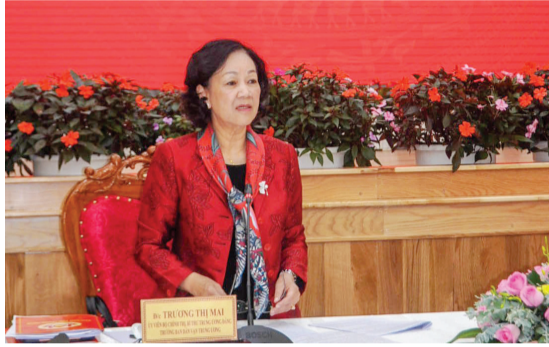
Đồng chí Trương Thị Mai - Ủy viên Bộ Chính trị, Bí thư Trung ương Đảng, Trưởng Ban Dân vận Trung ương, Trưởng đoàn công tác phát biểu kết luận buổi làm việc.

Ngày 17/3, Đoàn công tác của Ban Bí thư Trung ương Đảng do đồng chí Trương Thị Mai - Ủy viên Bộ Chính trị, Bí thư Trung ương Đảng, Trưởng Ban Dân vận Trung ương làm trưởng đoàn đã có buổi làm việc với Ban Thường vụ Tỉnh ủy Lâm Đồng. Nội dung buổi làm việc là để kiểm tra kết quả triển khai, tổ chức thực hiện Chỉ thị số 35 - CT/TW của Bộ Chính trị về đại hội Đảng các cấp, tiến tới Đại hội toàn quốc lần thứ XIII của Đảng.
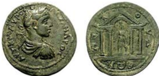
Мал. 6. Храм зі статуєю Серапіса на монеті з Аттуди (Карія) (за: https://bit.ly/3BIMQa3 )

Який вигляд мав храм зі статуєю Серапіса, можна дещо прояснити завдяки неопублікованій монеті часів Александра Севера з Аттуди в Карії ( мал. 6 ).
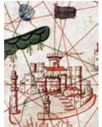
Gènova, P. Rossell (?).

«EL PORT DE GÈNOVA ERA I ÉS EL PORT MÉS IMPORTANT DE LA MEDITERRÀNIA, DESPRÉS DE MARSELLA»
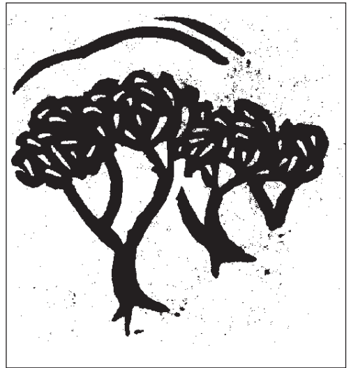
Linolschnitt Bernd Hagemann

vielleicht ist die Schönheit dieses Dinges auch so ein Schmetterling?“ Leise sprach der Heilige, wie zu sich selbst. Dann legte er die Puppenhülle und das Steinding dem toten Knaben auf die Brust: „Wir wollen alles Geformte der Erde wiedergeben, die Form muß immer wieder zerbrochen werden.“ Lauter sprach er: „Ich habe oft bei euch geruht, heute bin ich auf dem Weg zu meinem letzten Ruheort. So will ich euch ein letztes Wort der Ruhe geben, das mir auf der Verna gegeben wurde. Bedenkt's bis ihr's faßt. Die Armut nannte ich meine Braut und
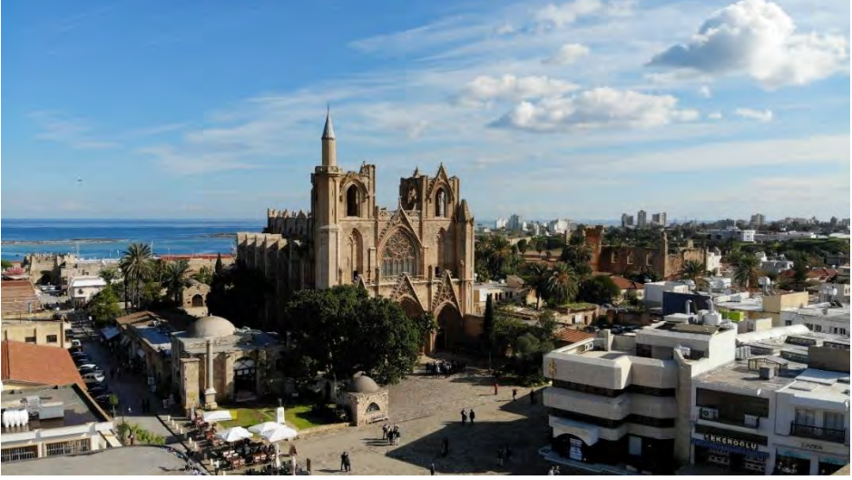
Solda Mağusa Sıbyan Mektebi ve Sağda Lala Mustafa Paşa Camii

··········

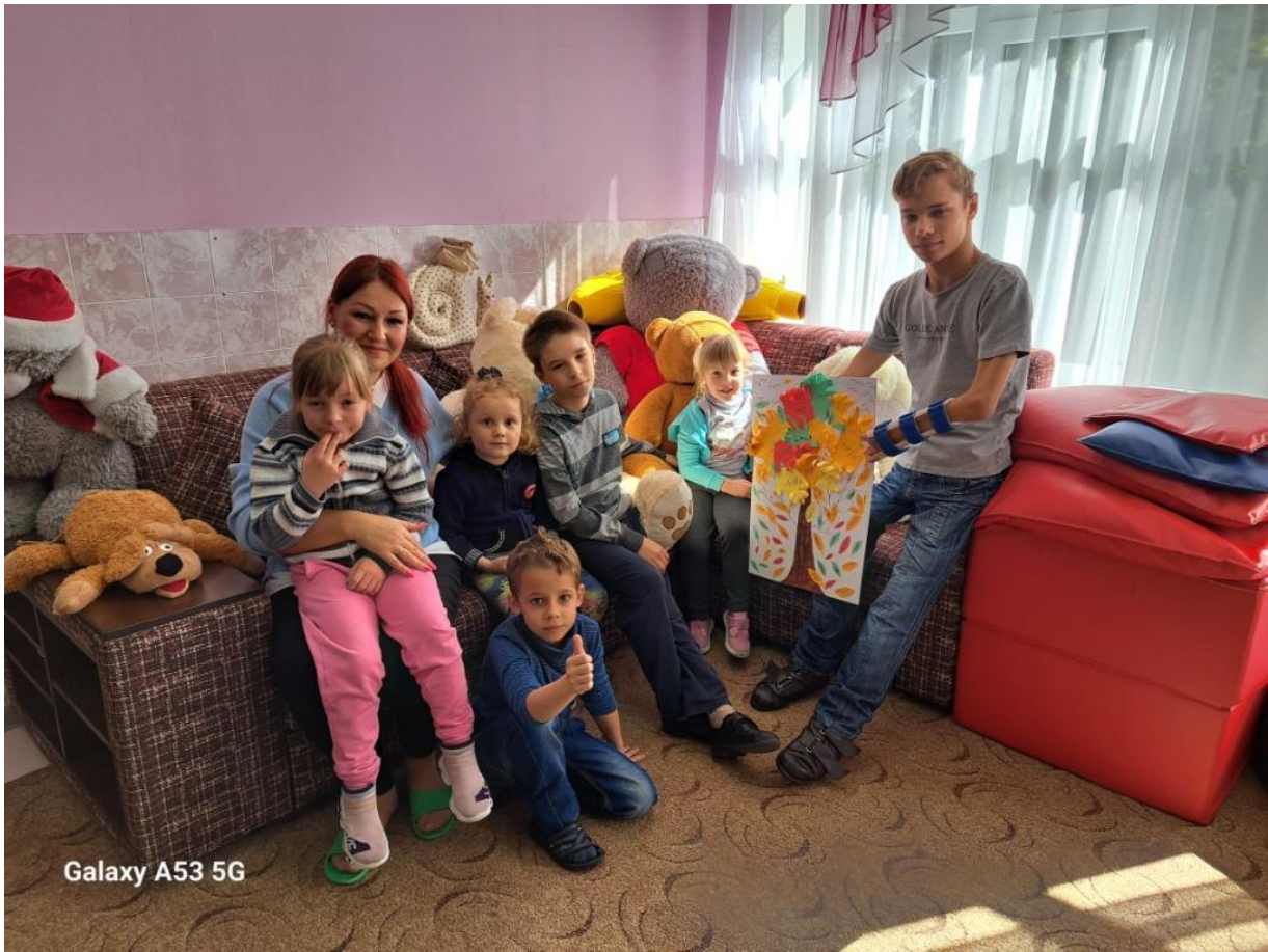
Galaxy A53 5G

··········

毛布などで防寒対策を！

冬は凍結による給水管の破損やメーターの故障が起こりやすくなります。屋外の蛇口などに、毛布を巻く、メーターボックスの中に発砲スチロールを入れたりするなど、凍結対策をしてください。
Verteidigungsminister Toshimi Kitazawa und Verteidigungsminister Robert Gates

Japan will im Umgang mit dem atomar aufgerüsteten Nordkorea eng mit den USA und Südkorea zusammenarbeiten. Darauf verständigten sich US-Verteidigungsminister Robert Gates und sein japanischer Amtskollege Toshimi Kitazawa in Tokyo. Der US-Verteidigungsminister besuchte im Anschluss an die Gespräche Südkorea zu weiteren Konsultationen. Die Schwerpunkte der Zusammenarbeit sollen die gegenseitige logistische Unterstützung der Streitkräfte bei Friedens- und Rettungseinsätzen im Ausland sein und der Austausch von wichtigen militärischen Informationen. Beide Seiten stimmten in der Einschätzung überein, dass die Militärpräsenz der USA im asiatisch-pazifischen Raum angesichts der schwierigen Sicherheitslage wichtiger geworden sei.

··········

Required work: Only one part of the material above is wanted: the lines from the one with "buổi làm việc." up to and including the one with "Solda Mağusa Sıbyan". Please copy them exactly, pictures left out.

Answer to the problem:
Đồng chí Trương Thị Mai - Ủy viên Bộ Chính trị, Bí thư Trung ương Đảng, Trưởng Ban Dân vận Trung ương, Trưởng đoàn công tác phát biểu kết luận buổi làm việc.

Ngày 17/3, Đoàn công tác của Ban Bí thư Trung ương Đảng do đồng chí Trương Thị Mai - Ủy viên Bộ Chính trị, Bí thư Trung ương Đảng, Trưởng Ban Dân vận Trung ương làm trưởng đoàn đã có buổi làm việc với Ban Thường vụ Tỉnh ủy Lâm Đồng. Nội dung buổi làm việc là để kiểm tra kết quả triển khai, tổ chức thực hiện Chỉ thị số 35 - CT/TW của Bộ Chính trị về đại hội Đảng các cấp, tiến tới Đại hội toàn quốc lần thứ XIII của Đảng.
Мал. 6. Храм зі статуєю Серапіса на монеті з Аттуди (Карія) (за: https://bit.ly/3BIMQa3 )

Який вигляд мав храм зі статуєю Серапіса, можна дещо прояснити завдяки неопублікованій монеті часів Александра Севера з Аттуди в Карії ( мал. 6 ).
Gènova, P. Rossell (?).

«EL PORT DE GÈNOVA ERA I ÉS EL PORT MÉS IMPORTANT DE LA MEDITERRÀNIA, DESPRÉS DE MARSELLA»
Linolschnitt Bernd Hagemann

vielleicht ist die Schönheit dieses Dinges auch so ein Schmetterling?“ Leise sprach der Heilige, wie zu sich selbst. Dann legte er die Puppenhülle und das Steinding dem toten Knaben auf die Brust: „Wir wollen alles Geformte der Erde wiedergeben, die Form muß immer wieder zerbrochen werden.“ Lauter sprach er: „Ich habe oft bei euch geruht, heute bin ich auf dem Weg zu meinem letzten Ruheort. So will ich euch ein letztes Wort der Ruhe geben, das mir auf der Verna gegeben wurde. Bedenkt's bis ihr's faßt. Die Armut nannte ich meine Braut und
Solda Mağusa Sıbyan Mektebi ve Sağda Lala Mustafa Paşa Camii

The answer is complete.